• About this exercise: In the entries below, begin at the line that has "Matt Leinart Arizona" and stop after the line that has "mikroszkóp fölé görnyedve"; output those lines exactly, leaving out pictures.

• Task input:
%%

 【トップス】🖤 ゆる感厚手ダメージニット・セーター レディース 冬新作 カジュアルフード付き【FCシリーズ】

%%
%%

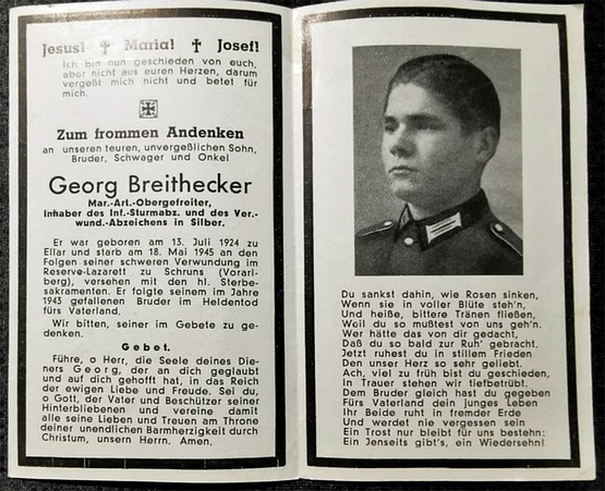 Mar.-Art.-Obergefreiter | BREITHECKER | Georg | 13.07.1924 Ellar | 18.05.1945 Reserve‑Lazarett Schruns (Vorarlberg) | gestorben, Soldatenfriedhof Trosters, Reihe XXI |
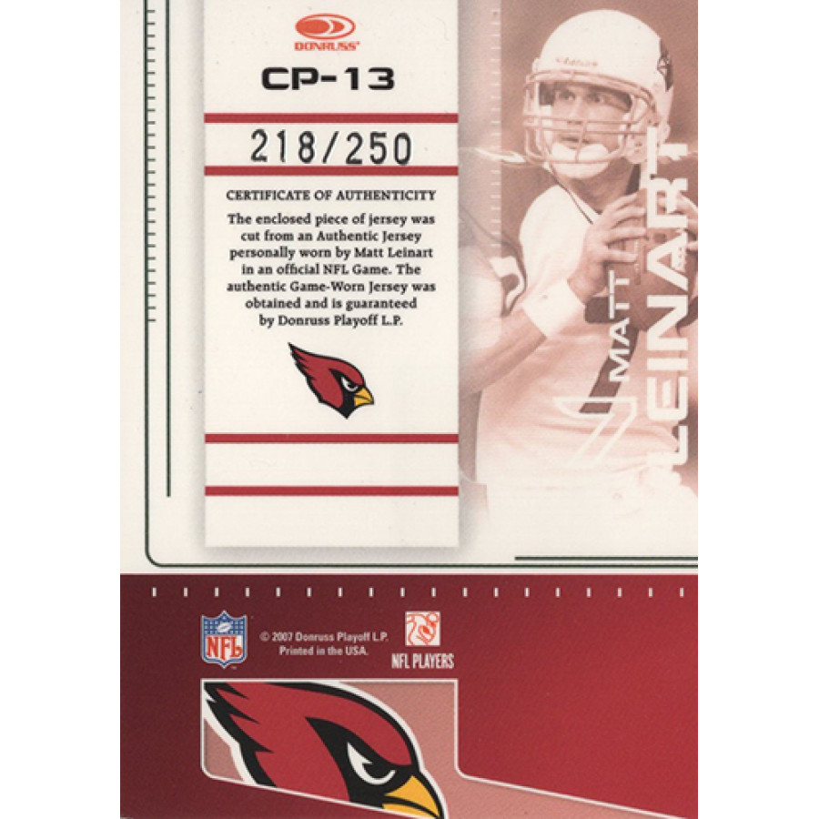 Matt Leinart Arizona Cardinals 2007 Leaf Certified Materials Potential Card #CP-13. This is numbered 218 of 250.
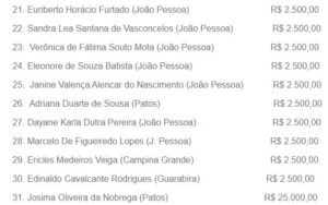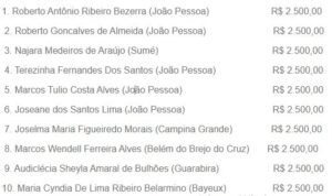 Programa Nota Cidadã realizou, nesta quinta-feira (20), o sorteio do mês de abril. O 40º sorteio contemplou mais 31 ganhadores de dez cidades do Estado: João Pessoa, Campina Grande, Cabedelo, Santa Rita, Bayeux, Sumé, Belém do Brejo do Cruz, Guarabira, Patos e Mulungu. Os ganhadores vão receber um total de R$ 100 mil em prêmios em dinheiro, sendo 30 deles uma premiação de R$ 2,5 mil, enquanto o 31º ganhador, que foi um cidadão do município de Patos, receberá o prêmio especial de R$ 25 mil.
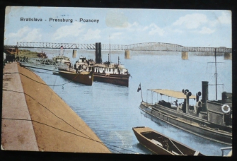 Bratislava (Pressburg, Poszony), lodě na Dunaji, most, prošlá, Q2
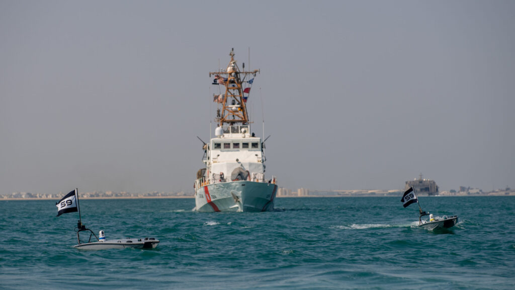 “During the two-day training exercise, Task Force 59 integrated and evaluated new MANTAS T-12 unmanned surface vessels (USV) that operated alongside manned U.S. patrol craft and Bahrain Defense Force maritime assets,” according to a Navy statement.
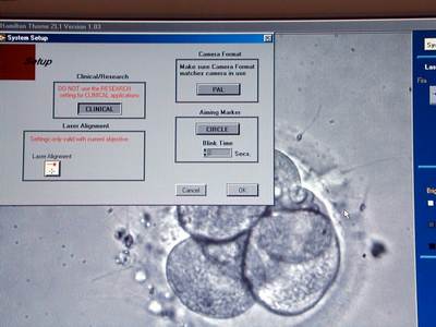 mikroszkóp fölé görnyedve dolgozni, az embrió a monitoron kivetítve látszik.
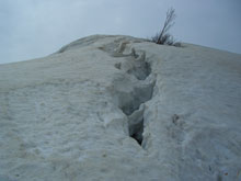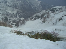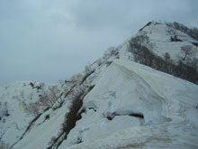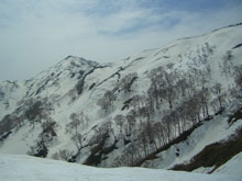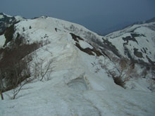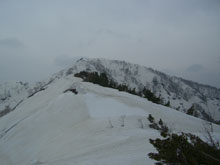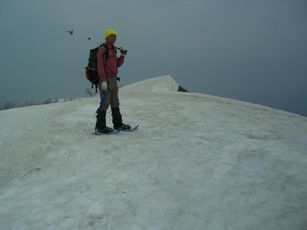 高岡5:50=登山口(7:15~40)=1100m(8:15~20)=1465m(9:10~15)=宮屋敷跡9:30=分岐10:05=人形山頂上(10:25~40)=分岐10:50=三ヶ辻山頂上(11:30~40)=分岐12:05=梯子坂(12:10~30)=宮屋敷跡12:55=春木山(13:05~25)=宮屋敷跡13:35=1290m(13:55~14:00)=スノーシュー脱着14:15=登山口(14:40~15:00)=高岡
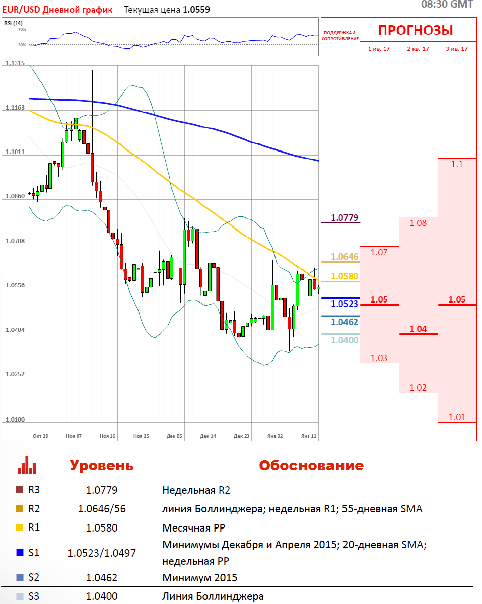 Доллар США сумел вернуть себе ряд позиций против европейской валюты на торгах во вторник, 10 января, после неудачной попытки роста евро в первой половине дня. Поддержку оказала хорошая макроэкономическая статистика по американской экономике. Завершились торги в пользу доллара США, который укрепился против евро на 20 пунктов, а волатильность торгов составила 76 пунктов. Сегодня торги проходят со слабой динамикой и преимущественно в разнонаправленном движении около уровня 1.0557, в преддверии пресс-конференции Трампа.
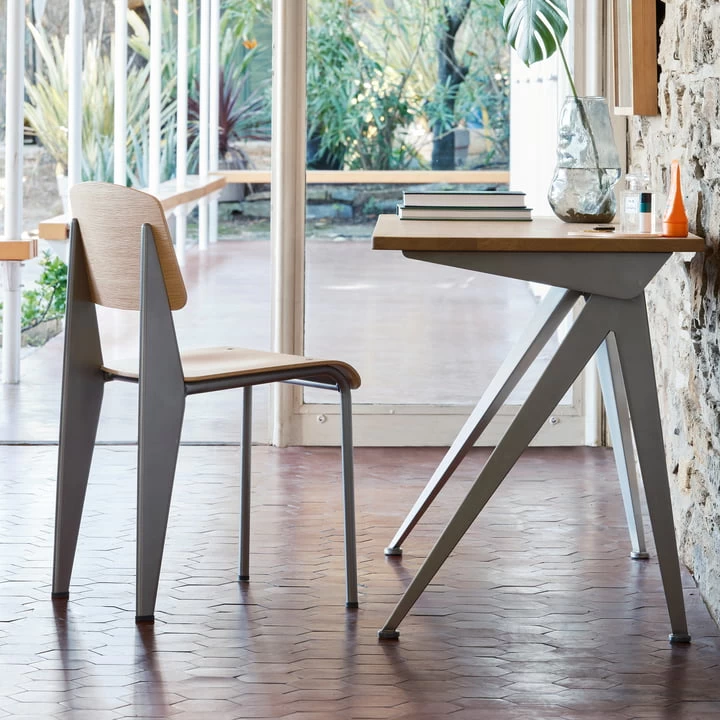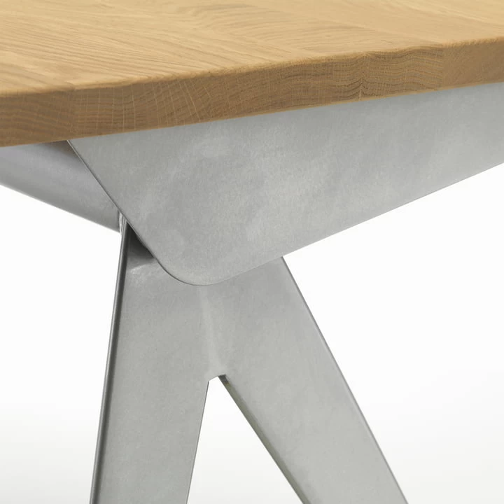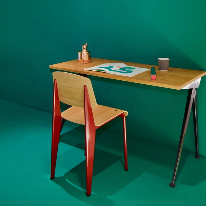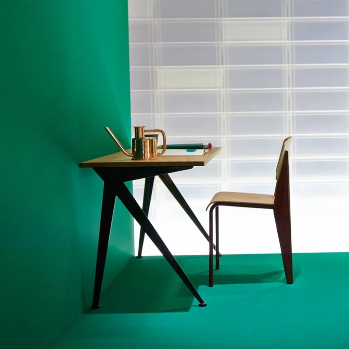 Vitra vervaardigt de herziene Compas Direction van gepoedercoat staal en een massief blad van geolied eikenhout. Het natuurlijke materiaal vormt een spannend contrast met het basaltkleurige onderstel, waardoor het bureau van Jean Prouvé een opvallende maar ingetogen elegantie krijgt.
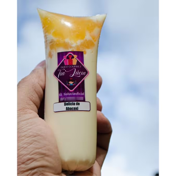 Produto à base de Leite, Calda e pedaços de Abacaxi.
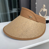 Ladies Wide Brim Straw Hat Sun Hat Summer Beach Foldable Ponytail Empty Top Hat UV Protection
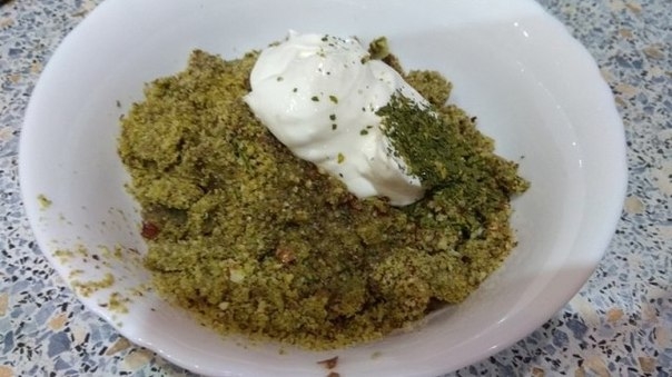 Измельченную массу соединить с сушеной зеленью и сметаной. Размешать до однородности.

%%
%%

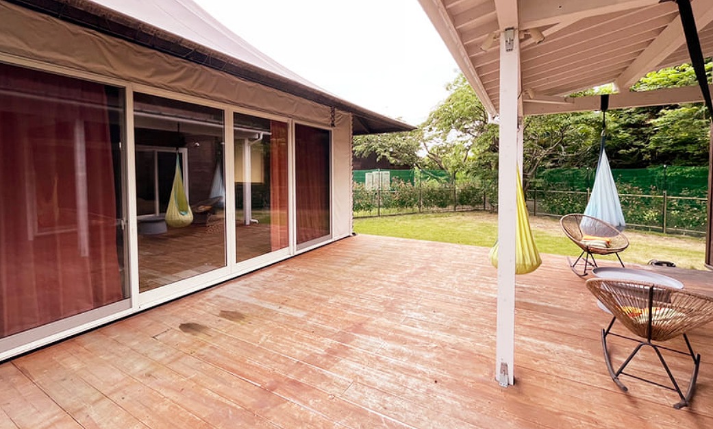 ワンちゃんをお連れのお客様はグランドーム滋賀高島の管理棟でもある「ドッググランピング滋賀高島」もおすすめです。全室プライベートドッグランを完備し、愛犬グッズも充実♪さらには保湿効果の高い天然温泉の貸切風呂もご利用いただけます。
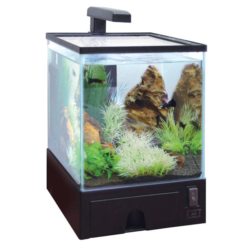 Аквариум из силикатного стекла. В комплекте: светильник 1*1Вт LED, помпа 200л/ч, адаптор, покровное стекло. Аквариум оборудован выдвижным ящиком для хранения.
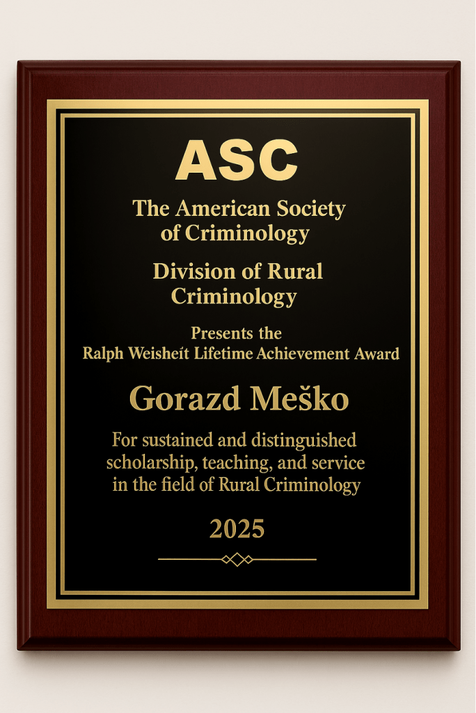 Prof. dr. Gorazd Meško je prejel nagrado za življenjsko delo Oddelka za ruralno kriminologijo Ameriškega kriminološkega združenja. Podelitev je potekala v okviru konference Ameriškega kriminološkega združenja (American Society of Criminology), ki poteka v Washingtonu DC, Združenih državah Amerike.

%%

• Answer below:
 Matt Leinart Arizona Cardinals 2007 Leaf Certified Materials Potential Card #CP-13. This is numbered 218 of 250.
 Programa Nota Cidadã realizou, nesta quinta-feira (20), o sorteio do mês de abril. O 40º sorteio contemplou mais 31 ganhadores de dez cidades do Estado: João Pessoa, Campina Grande, Cabedelo, Santa Rita, Bayeux, Sumé, Belém do Brejo do Cruz, Guarabira, Patos e Mulungu. Os ganhadores vão receber um total de R$ 100 mil em prêmios em dinheiro, sendo 30 deles uma premiação de R$ 2,5 mil, enquanto o 31º ganhador, que foi um cidadão do município de Patos, receberá o prêmio especial de R$ 25 mil.
 Bratislava (Pressburg, Poszony), lodě na Dunaji, most, prošlá, Q2
 “During the two-day training exercise, Task Force 59 integrated and evaluated new MANTAS T-12 unmanned surface vessels (USV) that operated alongside manned U.S. patrol craft and Bahrain Defense Force maritime assets,” according to a Navy statement.
 mikroszkóp fölé görnyedve dolgozni, az embrió a monitoron kivetítve látszik.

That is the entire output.